Silly question time - if playing a video file in mplayer that is NOT mpeg2 or mpeg4, does the CPU time go through the roof or should I expect mplayer to bomb out with a 'invalid codec' error message? Just not sure whether I'm going to have to transcode my colection to DivX mpeg4 or not...

Cheers

-- 

Robin

----------

## gdave44

Well, the current Unichrome drivers only support mpeg2.  When I was running the vesa drivers, I was running about 80% for an avi file.  With the Unichrome XvMCPro driver, that went down to about 20%.  So from that, I assume mplayer will only use software decoding to the least common denominator.  I've noticed on the epios.net web forums that they're still using the via proprietary drivers to make use of the mpeg4 since Unichrome isn't quite there yet.  I'll be trying that tonight.

----------

## g8ecj

Well, I've had a chance to fine tune things a bit and am now happy with everything except the underscan of the display - using a mode of 720x576NoScale my Panasonic TV has a black band both sides and across the top. The top couple of inches also 'bends in' a bit as though its not syncing up quite right as well. 720x576Over is a bit too big but thats not really noticable on a DVD or movie, only when navigating about MythTV. I wonder how sub-optimal the overscan switch makes it...
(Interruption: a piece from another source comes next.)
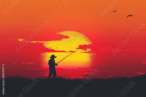 Fisherman with a fishing rod against the backdrop of a red sunset.

Talking of MythTV, does anyone know if MythMusic has acceleration for the visualisations? Pretty useless without it  :Sad:  Its really impressive on my server machine but that is 5 times faster than the sp13000!!

My CPU loads are now:

MythTV playing TV or recorded show  < 10%

Mplayer AVI                                        30-40%

Xine DVD (so I have menus)               30-40%

Do other people get similar figures with this motherboard ? I impressed since this is a diskless machine so everything (apart from DVDs) comes across the network (isn't CAT5e cable wonderful!)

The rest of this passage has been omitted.